* **Problem description**:
The lines to copy run from the one containing "Nancy Chen on" to the last line of the entries; output those lines exactly and only them, without pictures.

------------------------------------------------------------

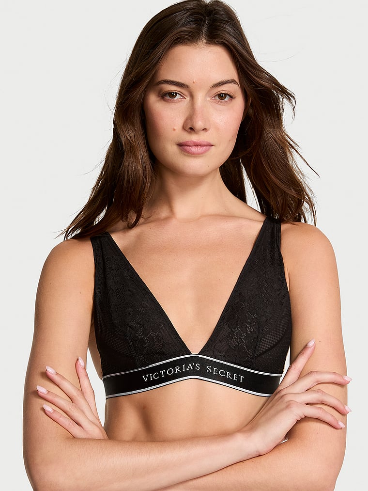 This simplified, wireless design features a plunging neckline and soft, stretchy lace for a sexy, easy-wear style. Finished with our logo at the bottom band.
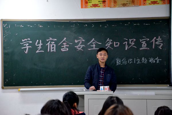 班会伊始,郑云升以PPT的形式为同学们介绍了关于宿舍安全的知识。就人生安全,财产安全及活动安全进行了细致的讲解,中途还通过播放一些有关典型案例的视频,充分的讲解了校园内以及周边存在的一些安全隐患。让同学们学到了许多安全知识,并认识到在日常生活中防患于未然的重要性,体会到生命的脆弱与可贵,及时的为同学们敲响了安全的警钟。紧接着郑云升为大家准备了一些安全知识测试题。让同学们通过自我思考,以自身经历体会去回答,以便留下深刻的印象。最后,他以幽默诙谐的语言为我们讲解了一些常备的防范措施,从而达到提高同学们安全防范能力的目的。在同学们的积极参与中,宿舍安全主题班会在吴畏的指导下划上了完美的句号。
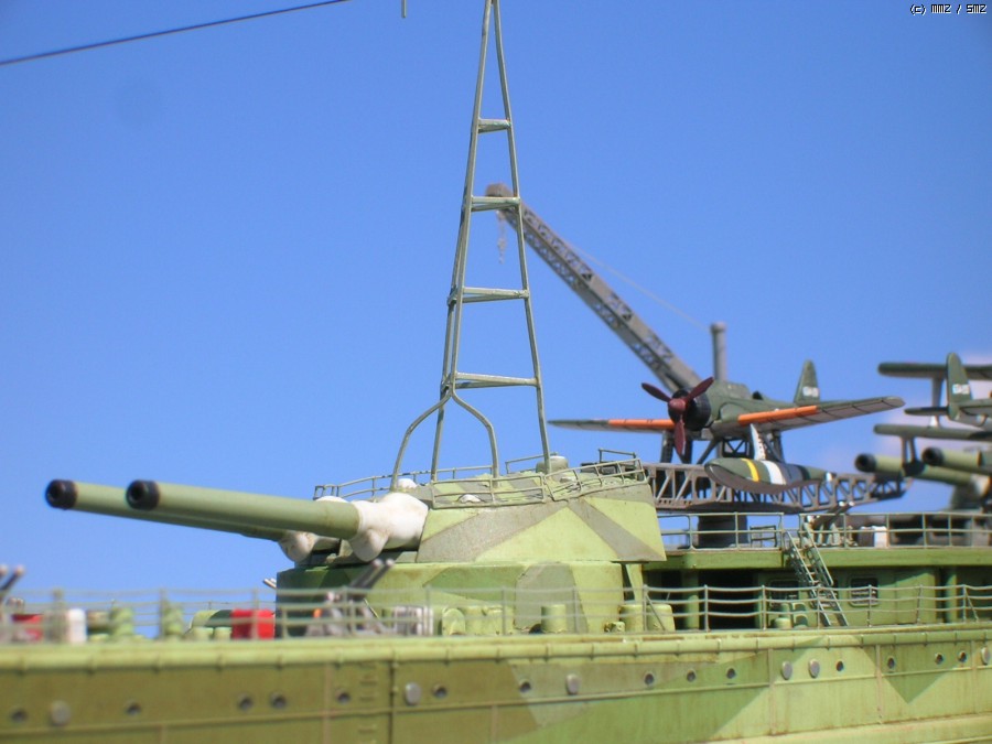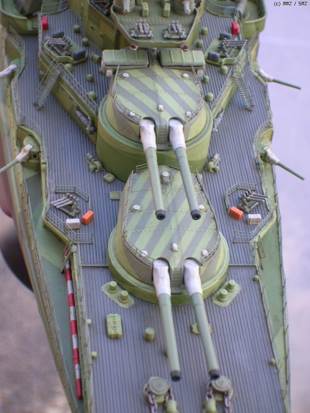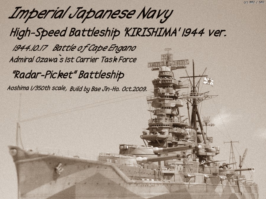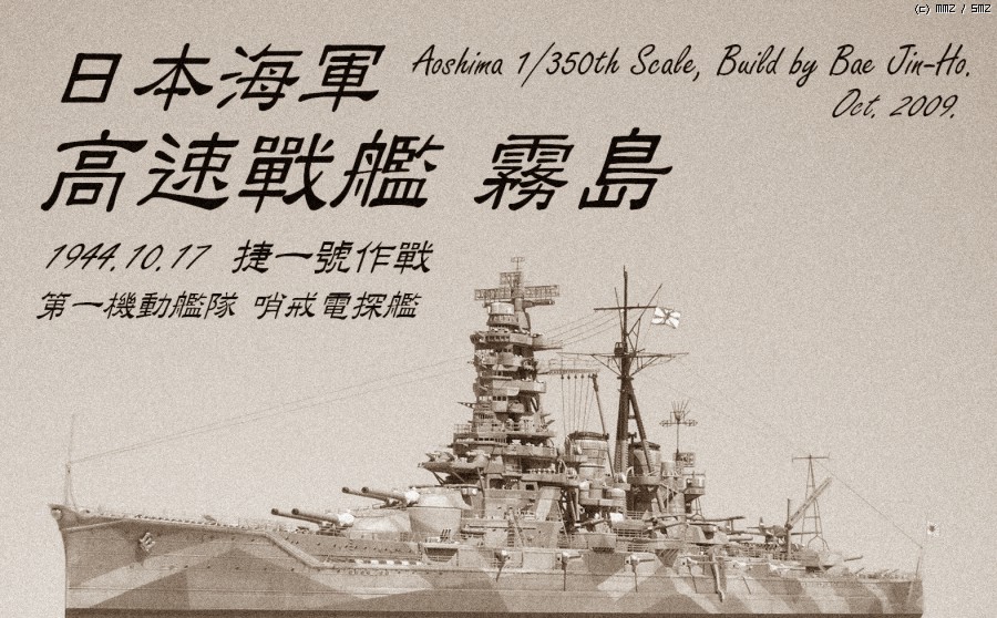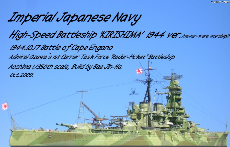 벌써 지난 달 전부터 떠들어서(;;) 새로울게 하나도 없는 이 괴작(?)에 대한 간단한 부연 설명이라면 일단 철저한 가상함입니다. 실제 역사에선 1942년 11월의 제 3차 솔로몬 해전에서 대파당한 후 자침 처분된 일본해군의 공고급 고속전함 기리시마(아오시마 1/350 키트를 사용)인데 만약 이때 자침 처분되지 않고 회항했다면(;;;) 이라는 설정으로 만들어본 전함입니다.
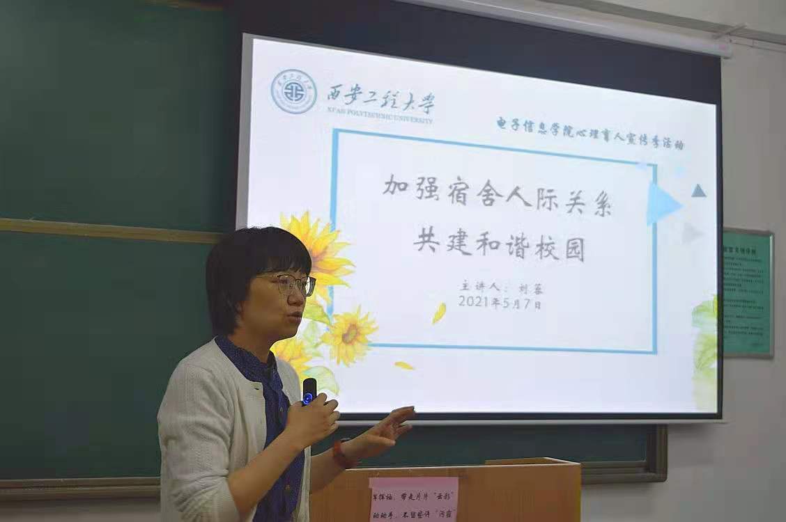 刘蓉从理解:人与人相处有何规律、沟通:有问题要怎么说出口、活动:友情仅仅说是不够的、依恋:我们要怎样相处一起、适应:在一起学会相互适应等五个方面为员工展开讲述。她从现实中的事例入手,分析导致宿舍关系问题产生的原因和不良后果,嘱咐同学们务必要处理好宿舍人际关系。她着重强调了要形成良好的宿舍关系,要从小的细节入手,从积极反馈着手,舍友彼此之间相互改变,相互适应,多沟通,共成长。
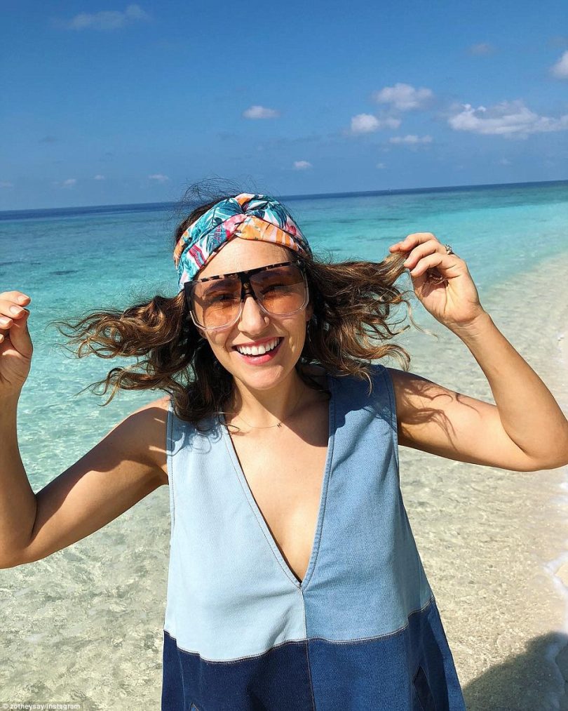 ‘Probably the worst thing about being a travel writer is being invited to stay at places like Soneva Fushi in the Maldives so you can write about them,’ she captioned the photo.
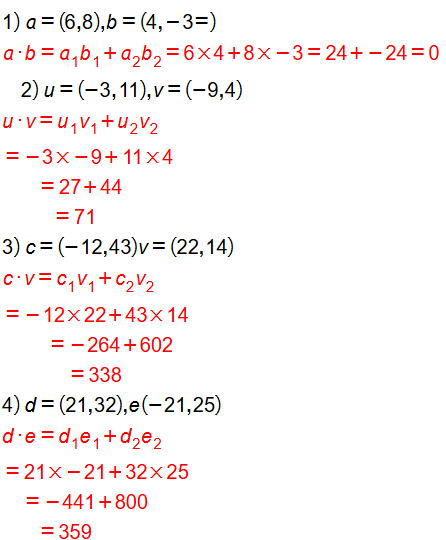 اجد ناتج الضرب القياسي للمتجهين في كل مما ياتي:
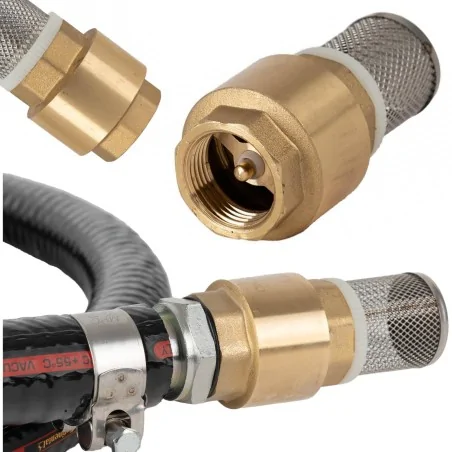 Solidny zawór zwrotny 1" z metalowym korpusem i koszem ssącym chroniącym przed zanieczyszczeniami. Zapewnia przepływ paliwa tylko w jednym kierunku, zabezpiecza pompę i instalację przed cofnięciem się cieczy oraz gwarantuje niezawodną pracę układu paliwowego.
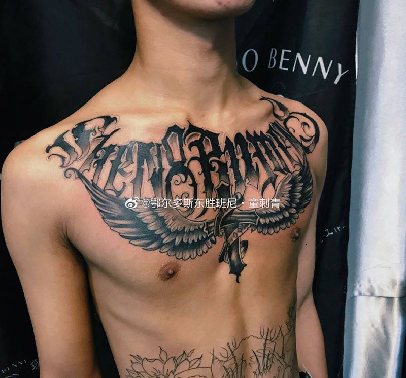 当前位置: 首页 >内蒙古鄂尔多斯市纹身店-班尼刺青工作室纹身图案>花体字纹身图片_胸部纹身图案
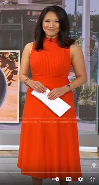 Nancy Chen on CBS Mornings on CBS was spotted wearing this orange ribbed sleeveless dress on CBS Mornings on May 21 2022's episode. Nancy's Dress is the Compact Rib Sweater Dress by Theory .
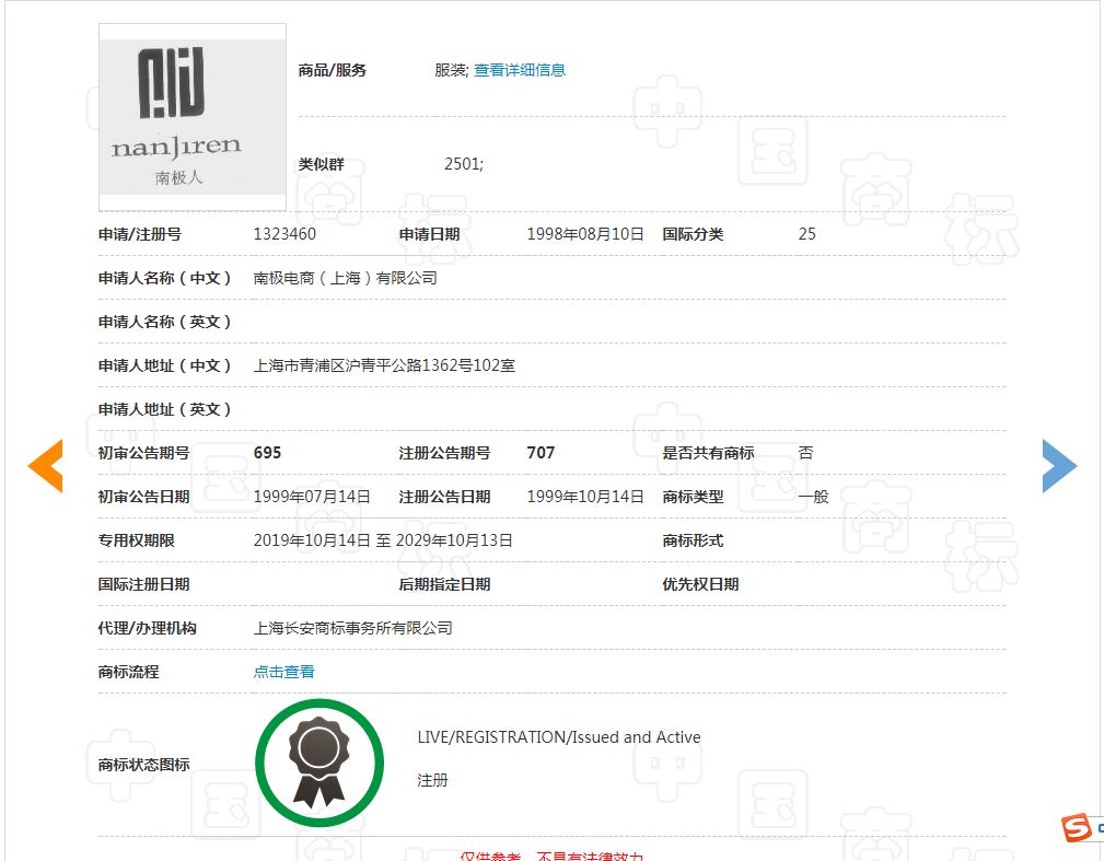 其中第一件南极人商标申请于1998年8月10日,目前核准使用在第25类服装。
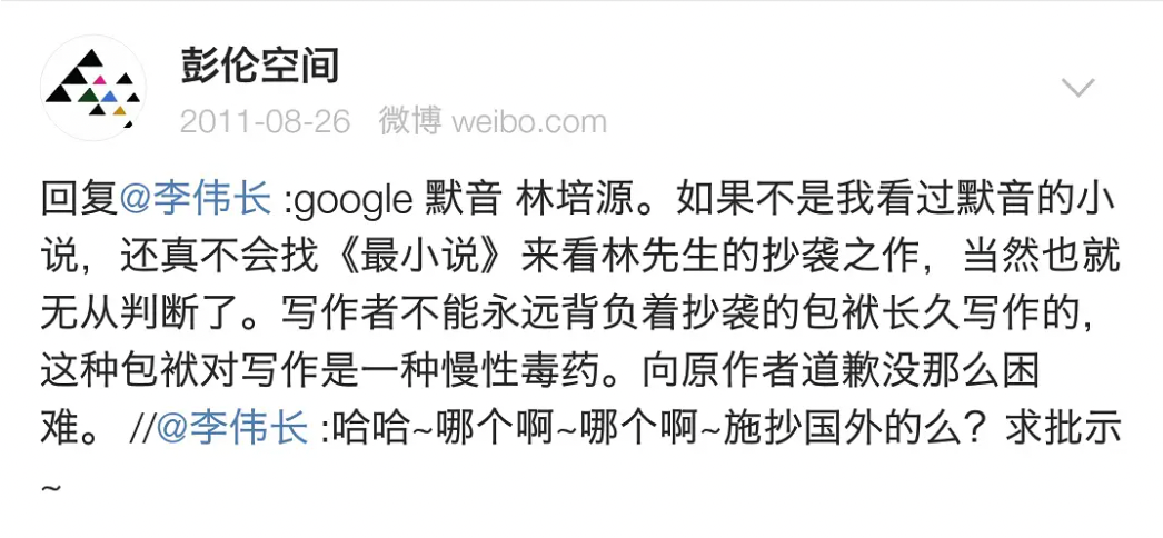 2011年时,出版人彭伦曾在微博上公开喊话:“写作者不能永远背负着抄袭的包袱长久写作的,这种包袱对写作是一种慢性毒药。向原作者道歉没那么困难。”
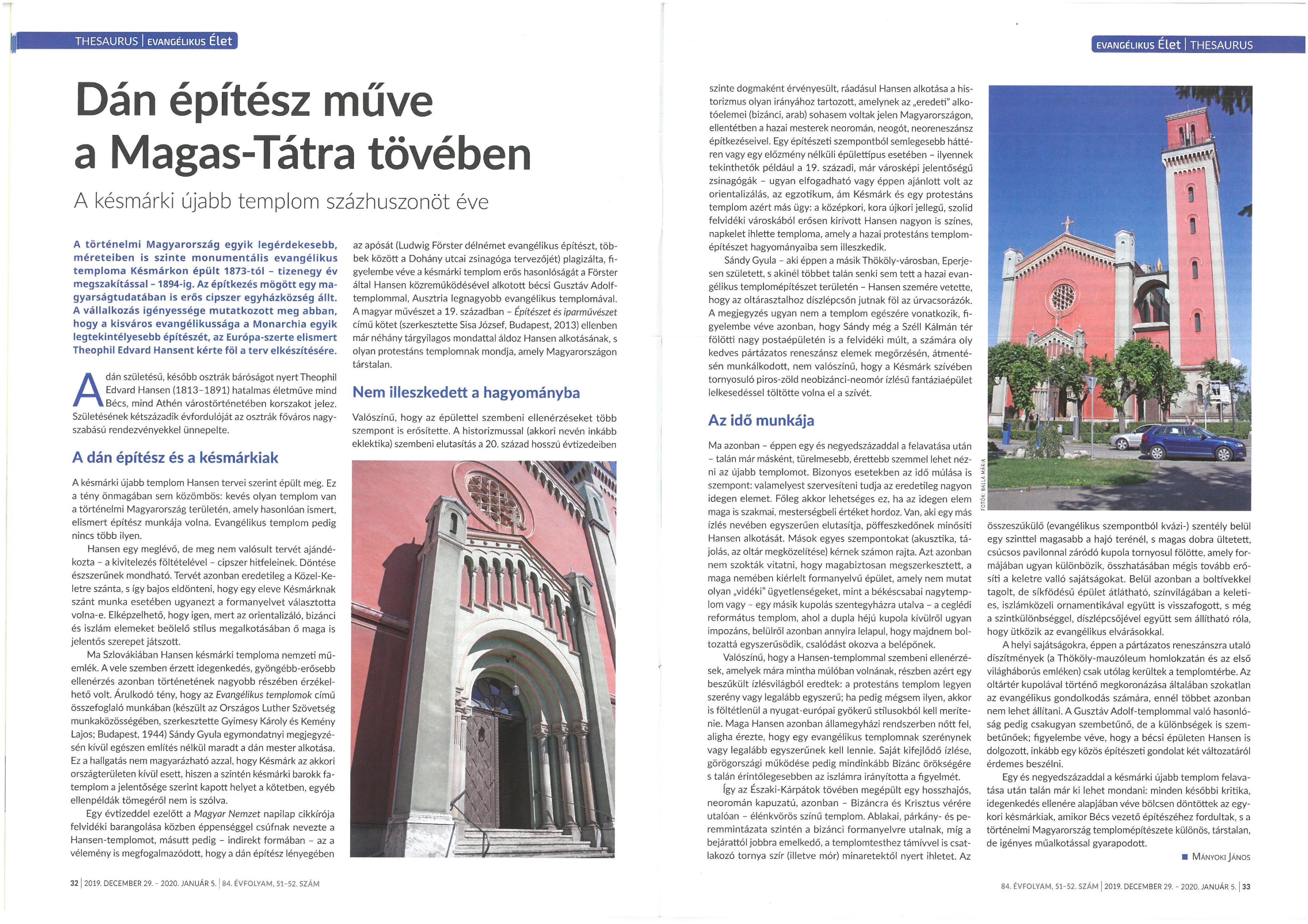 Mányoki János: Dán építész műve a Magas-Tátra tövében - A késmárki újabb templom százhuszonöt éve

------------------------------------------------------------

* **Output for this exercise**:
 Nancy Chen on CBS Mornings on CBS was spotted wearing this orange ribbed sleeveless dress on CBS Mornings on May 21 2022's episode. Nancy's Dress is the Compact Rib Sweater Dress by Theory .
 其中第一件南极人商标申请于1998年8月10日,目前核准使用在第25类服装。
 2011年时,出版人彭伦曾在微博上公开喊话:“写作者不能永远背负着抄袭的包袱长久写作的,这种包袱对写作是一种慢性毒药。向原作者道歉没那么困难。”
 Mányoki János: Dán építész műve a Magas-Tátra tövében - A késmárki újabb templom százhuszonöt éve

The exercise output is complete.